Problem description: Nothing but the lines from the top of the data to the line holding "сжатый воздух. |" should be printed, word for word and both ends included; leave the pictures out.
↓
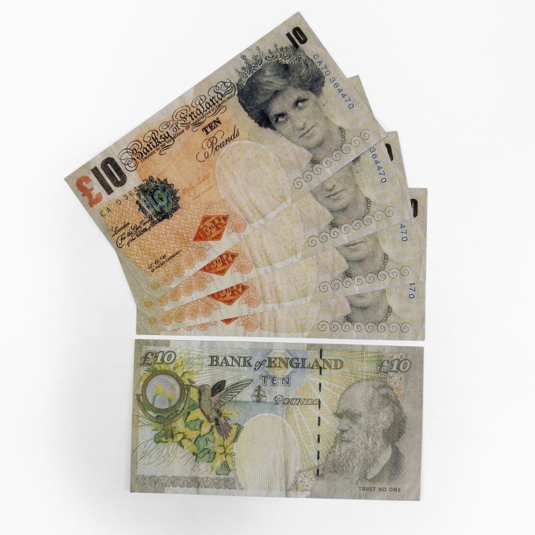 Di-Faced Tenner (2004), suite de 5 tirages offset, 14,4x7,6 cm
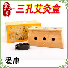 爱康竹制三孔艾灸盒 3孔艾盒 三眼艾灸盒 木头艾灸盒 温灸盒
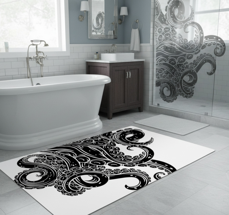 Valitsemalla Kylpyhuoneen vinyylimatto mustekalan lonkeroilla kylpyhuoneen vinyylimatto, saat ainutlaatuisen designin, joka herättää tilan henkiin! Tämä matto on loistava valinta, sillä se yhdistää kauniin visuaalisen ilmeen käytännöllisyyteen. Se on helppo puhdistaa, liukumaton ja suojaa lattiaasi. Lisäksi maton antiallergiset ominaisuudet tekevät siitä turvallisen vaihtoehdon kaikille perheenjäsenille. Miksi tyytyä tavalliseen, kun voit valita jotain niin erityistä ja inspiroivaa?!
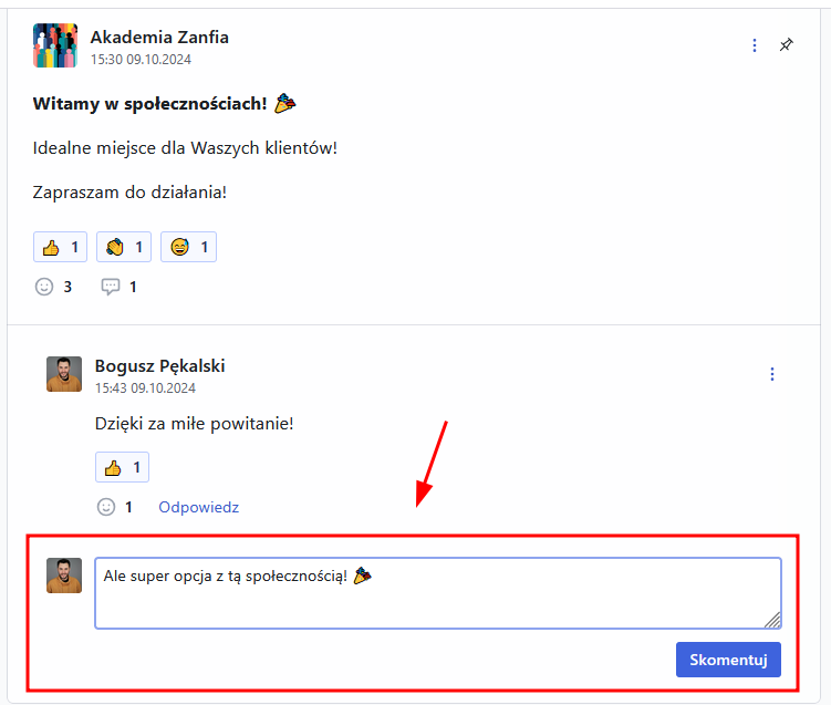 Aby dodać komentarz do posta rozwiń listę komentarzy, wpisz swój komentarz i kliknij „Skomentuj”.
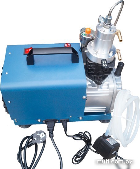 | Информация | Электродвигатель – прибор просто подключается к электросети на 220 В. Жидкостное охлаждение – компрессор активно охлаждается водой. Это исключает опасность перегрева системы даже при больших нагрузках. Компактный – устройство можно перемещать с места на место в руках. При желании компрессор можно положить в багажник легкового авто. Внешний фильтр – на шланг компрессора устанавливается фильтр, который очищает и осушает сжатый воздух. |
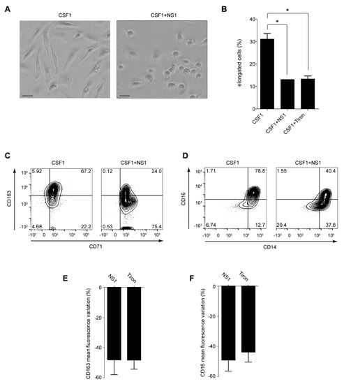 NS1 modifies macrophage differentiation. Monocytes from healthy donors were treated with CSF-1 (100 ng/mL, 3 days) in the absence or presence of NS1 (15 µM) or Tiron (500 μM). (A): Human CD14+ monocytes treated with CSF1 become adherent and elongated (left panel), a phenotype not observed after co-treatment with NS1 (right panel, scale 20 µm). (B): The fraction of cells with an elongated shape (elongation factor > 2.5) was measured in monocytes treated with CSF1, CSF1 + NS1, CSF1 + Tiron. Fisher test with Bonferroni correction. *: p ≤ 5 × 10−2 (C,D): Cytometric analysis of surface markers CD71 and CD163 (C) or CD14 and CD16 (D) of monocytes + CSF1 ± NS1. (E,F): Variation in the Mean fluorescence index of cell surface CD163 (E) and CD16 (F) expression in monocytes treated with CSF1, CSF1+ NS1, CSF1 + Tiron compared to monocytes treated with CSF1.
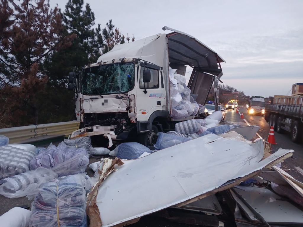 1차 사고를 낸 4.5톤 화물차가 파손되며 적재함에 실려있던 침구류가 도로에 쏟아지기도 했다.
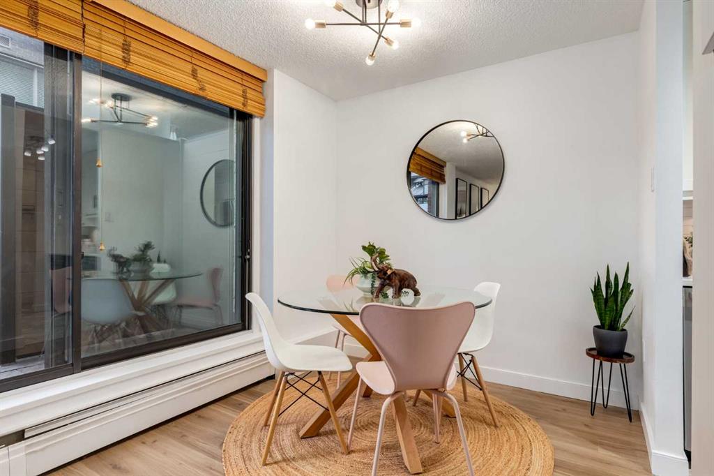 Welcome to The Sandpiper! This bright south facing 2 bedroom END UNIT has been updated throughout and features 2 balconies! From the updated kitchen (2021) with shaker style cabinets and stainless steel appliances to the newly installed engineered hardwood floors this home is not to be missed! The living room has a central floor to ceiling window with access to your large south facing covered balcony and from the dining room you have direct access to your 2nd private patio with over 400sqft and new compost decking, making it the perfect spot for entertaining – especially during stampede!! There are 2 generous sized bedrooms and renovated bath with walk-in shower. Insuite laundry room with storage and an assigned parking stall in the heated underground parkade complete this home. No gym membership needed, the Sandpiper has fitness facilities, sauna/steam room and bike storage. Centrally located and close to transit, restaurants and shops, this a great home for the 1st time buyer or investor.
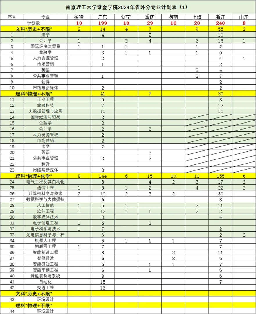 为了让广大考生和家长更好地了解我校招生计划,现公布南京理工大学紫金学院2024年分省分专业计划表:
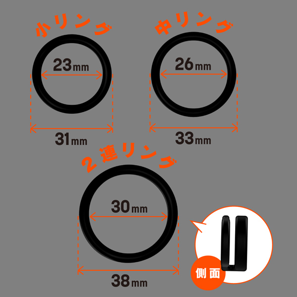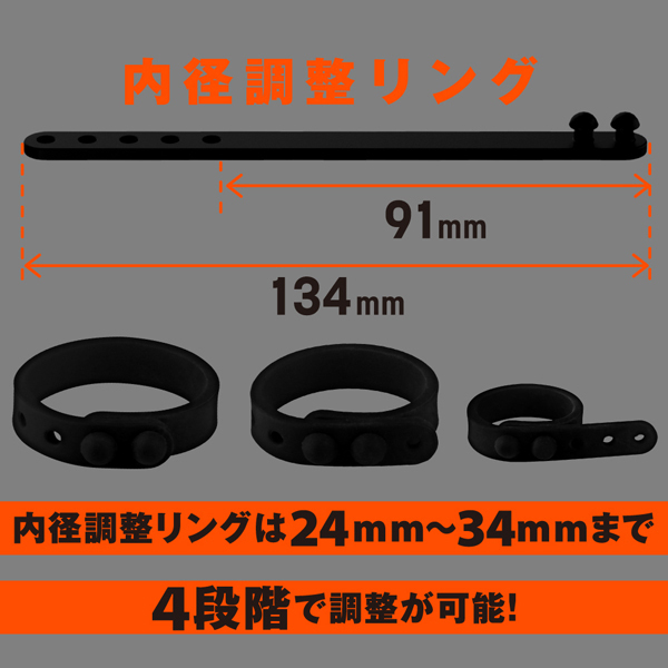 ベタつきのないサラスベ質感で着け心地抜群!一つだけ使うも良し同時装着もOK♪皮戻り防止や持続力アップなどシチュエーションに合わせてお使いください。 内径23mmの小サイズ、26mmの中サイズ、30mmの2連リング、そして自分の身体に合わせてサイズ変更できる内径調整リングの4個付属。 |
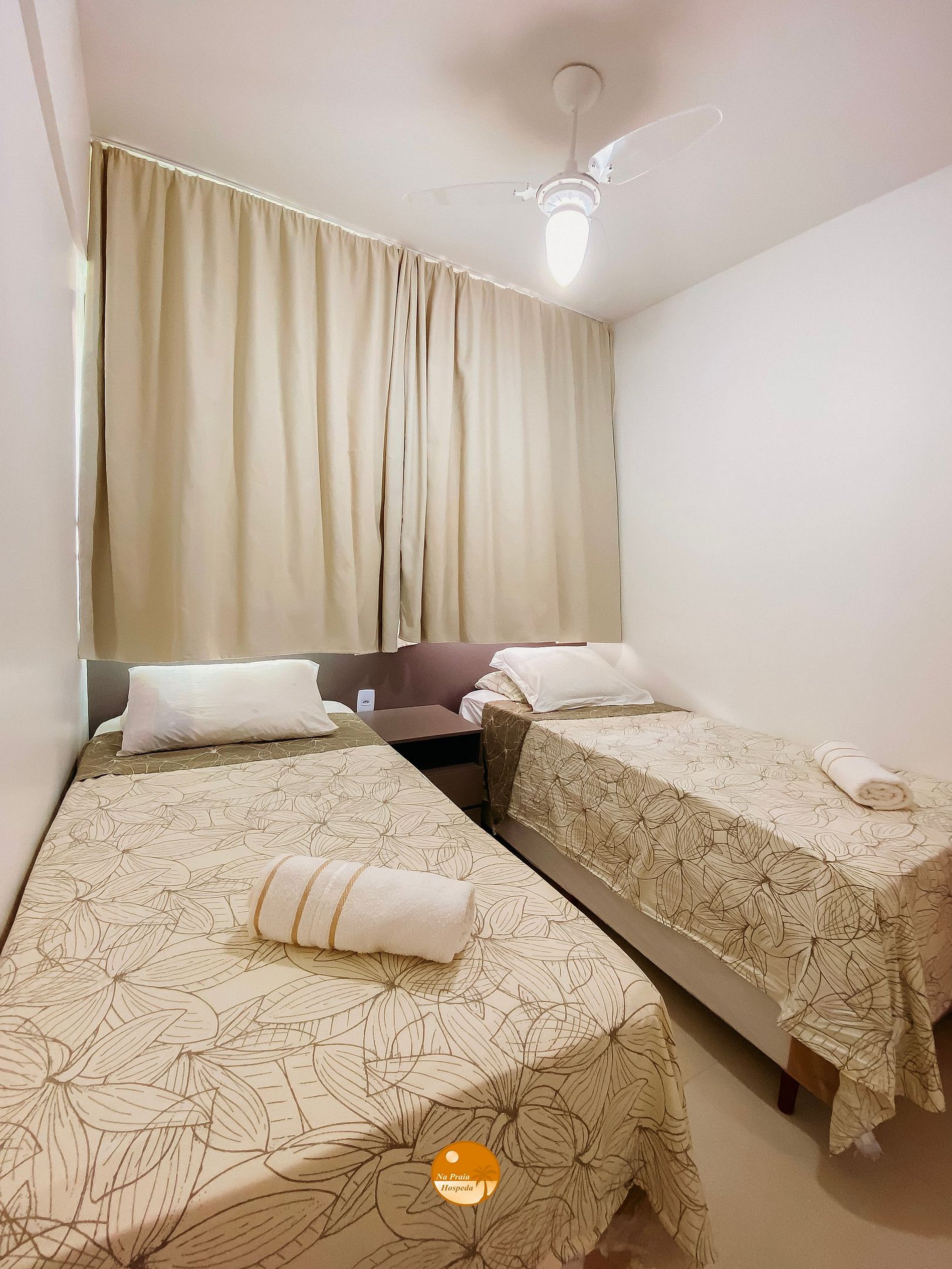 2 camas de solteiro, Ar condicionado split, Ventilador de teto, 1 cômoda, Continas blackout e Vista lateral para o mar.
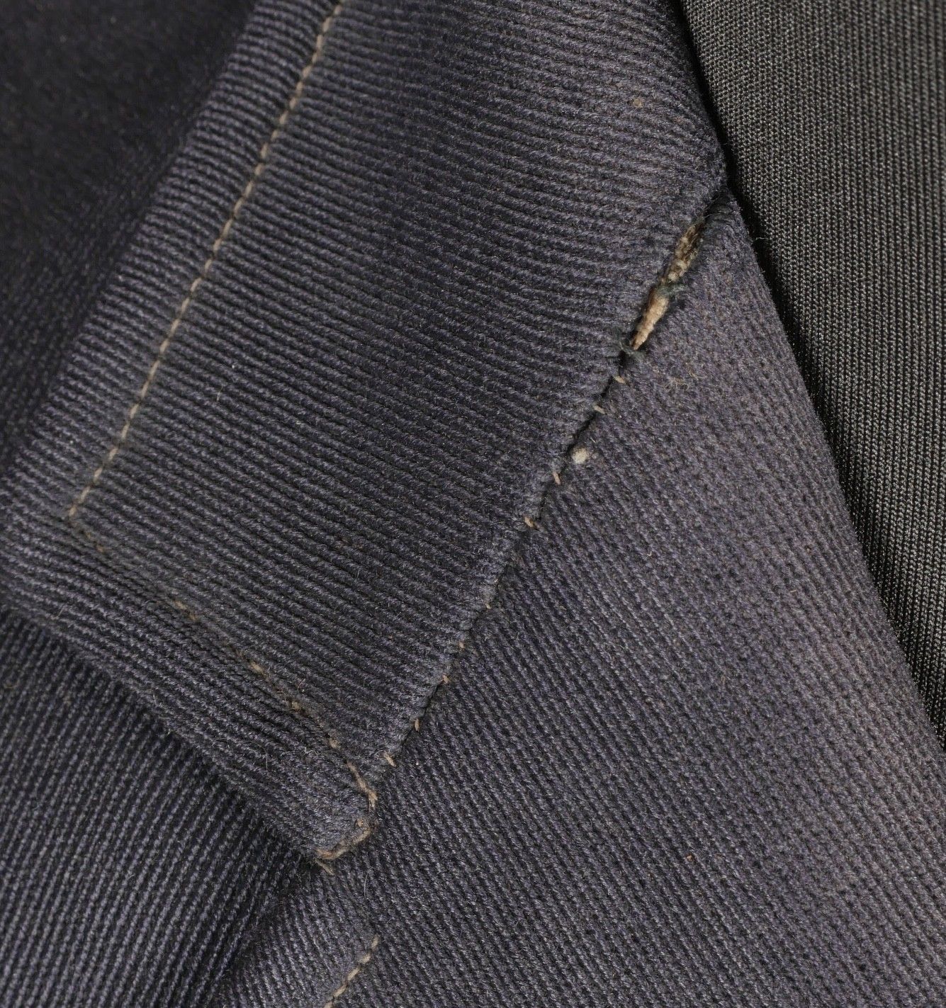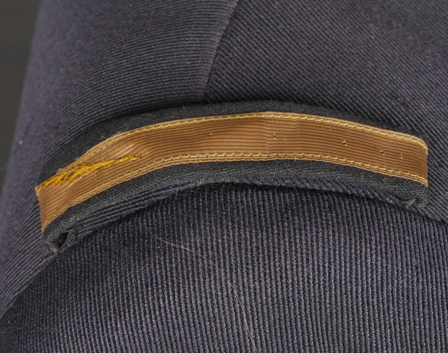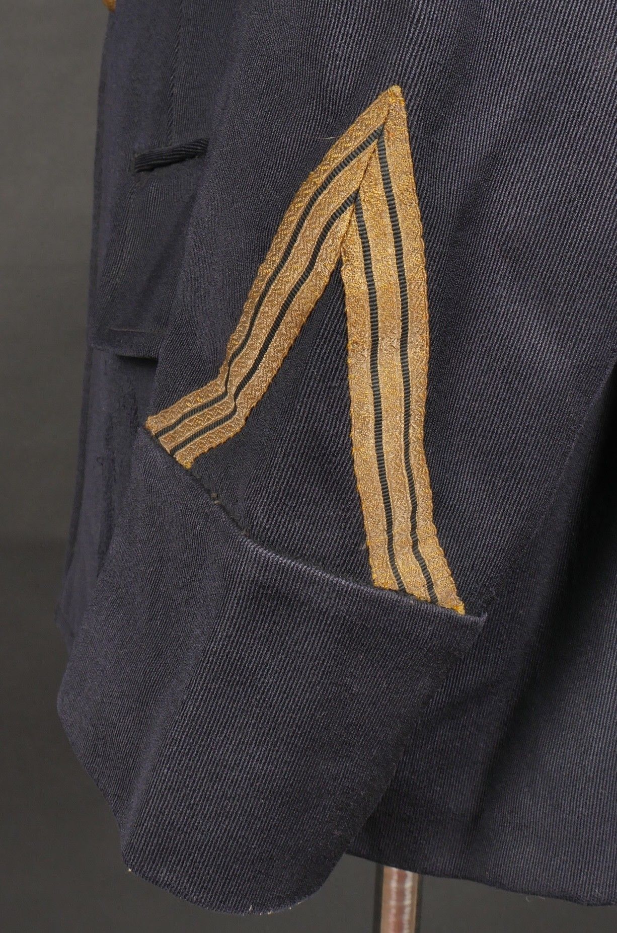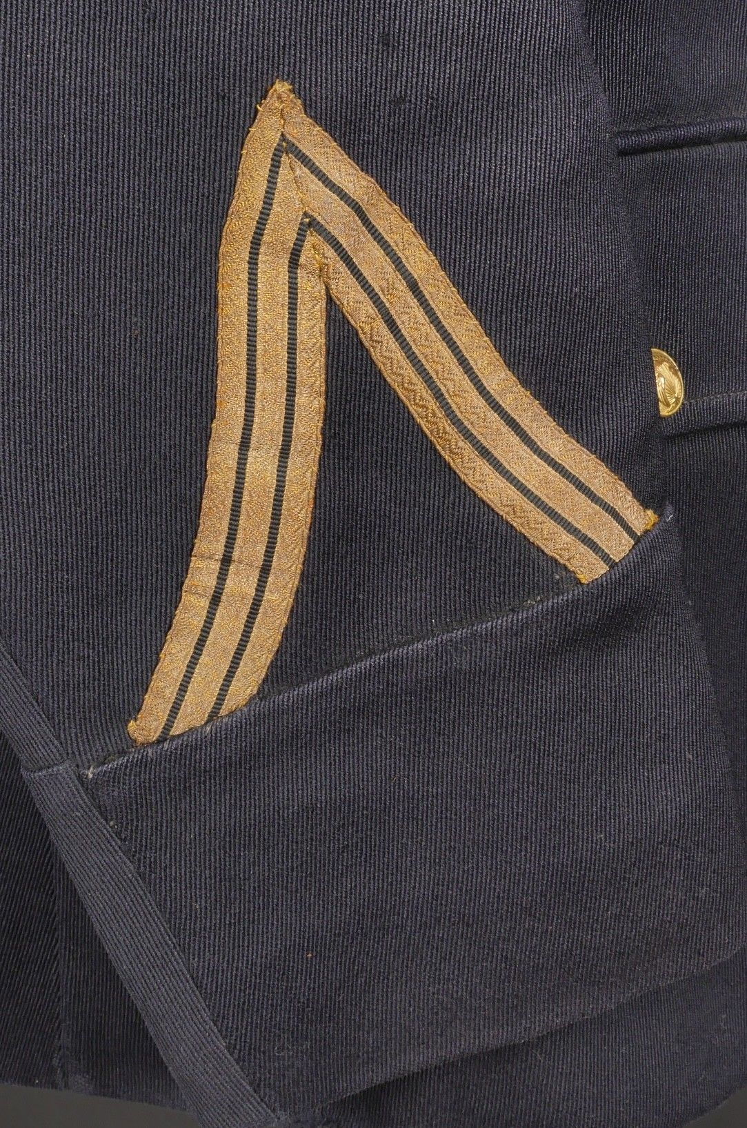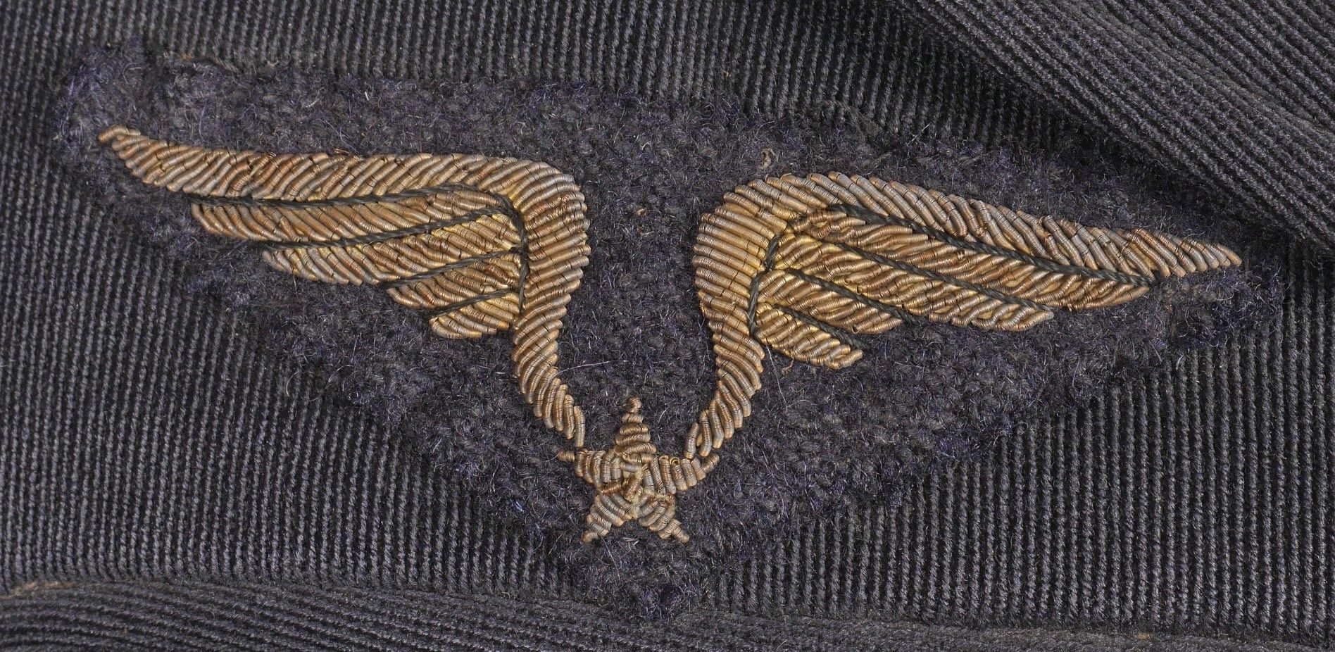Air Force jacket. In louise blue worsted cloth, fastened by four buttons with the aviation coat of arms, two decoration reminders above the left breast pocket. Cannetille embroidered badge above right pocket, student pilot's licence made in the 1930s with no markings. Black rayon lining with some repairs. Air Force tunic. Fine blue wool tunic closing with four aviationembossed buttons two ribbon bars above the left breast pocket and a gold wire embroidered badge above the right pocket 1930s pilot trainee brevet without maker's mark black rayon lining with minor repairs.
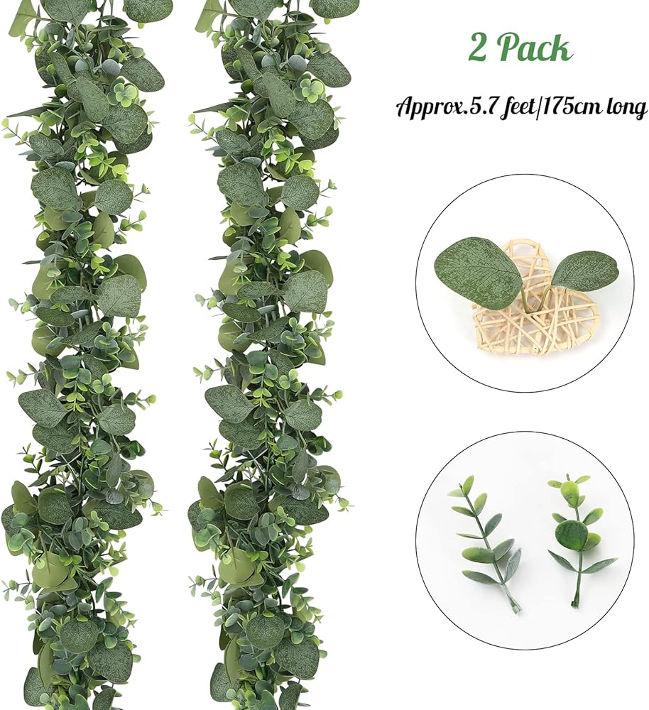 【Package & Size】: Package includes 2 PCS Artificial Mixed Eucalyptus Leaves Garlands. The length of 1 piece is 175cm/5.7ft long.
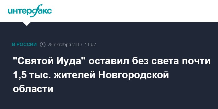"Святой Иуда" оставил без света почти 1,5 тыс. жителей Новгородской области
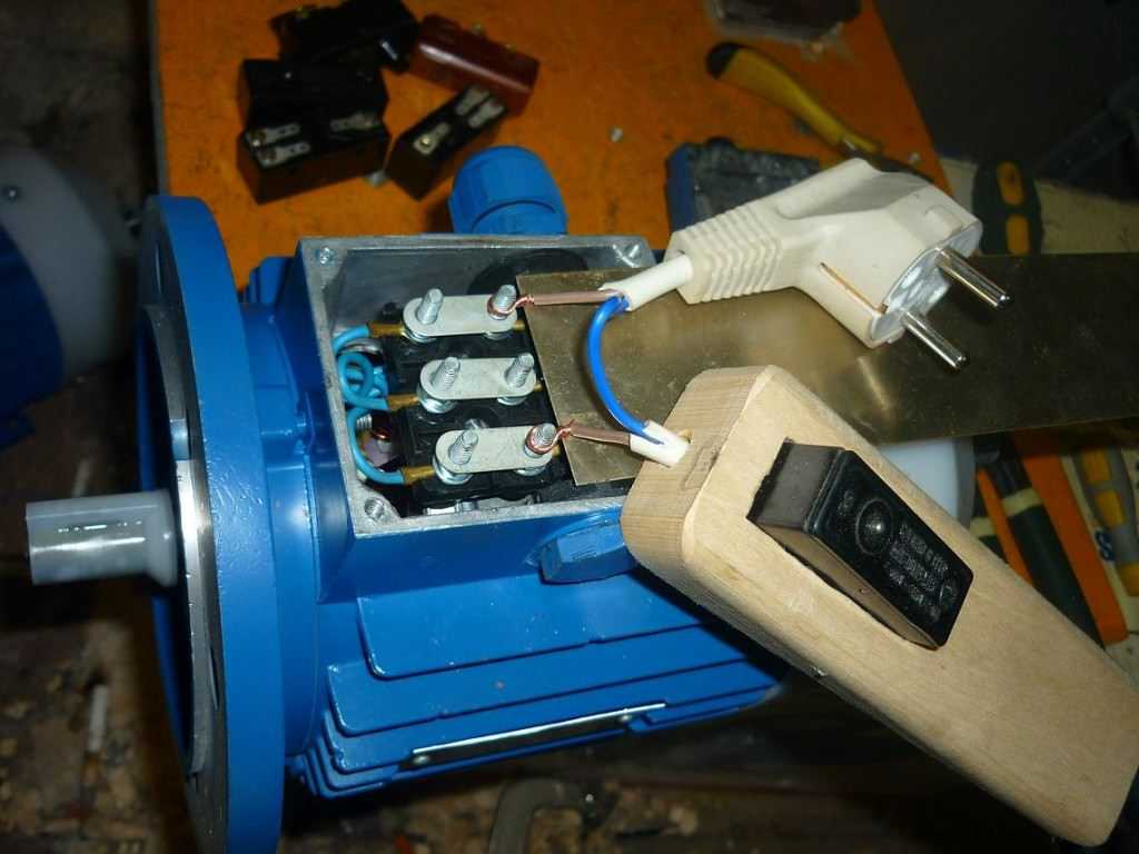 Подключение трехфазного двигателя к однофазной сети по схеме треугольник
↑
Output of the task:
 Di-Faced Tenner (2004), suite de 5 tirages offset, 14,4x7,6 cm
 爱康竹制三孔艾灸盒 3孔艾盒 三眼艾灸盒 木头艾灸盒 温灸盒
 Valitsemalla Kylpyhuoneen vinyylimatto mustekalan lonkeroilla kylpyhuoneen vinyylimatto, saat ainutlaatuisen designin, joka herättää tilan henkiin! Tämä matto on loistava valinta, sillä se yhdistää kauniin visuaalisen ilmeen käytännöllisyyteen. Se on helppo puhdistaa, liukumaton ja suojaa lattiaasi. Lisäksi maton antiallergiset ominaisuudet tekevät siitä turvallisen vaihtoehdon kaikille perheenjäsenille. Miksi tyytyä tavalliseen, kun voit valita jotain niin erityistä ja inspiroivaa?!
 Aby dodać komentarz do posta rozwiń listę komentarzy, wpisz swój komentarz i kliknij „Skomentuj”.
 | Информация | Электродвигатель – прибор просто подключается к электросети на 220 В. Жидкостное охлаждение – компрессор активно охлаждается водой. Это исключает опасность перегрева системы даже при больших нагрузках. Компактный – устройство можно перемещать с места на место в руках. При желании компрессор можно положить в багажник легкового авто. Внешний фильтр – на шланг компрессора устанавливается фильтр, который очищает и осушает сжатый воздух. |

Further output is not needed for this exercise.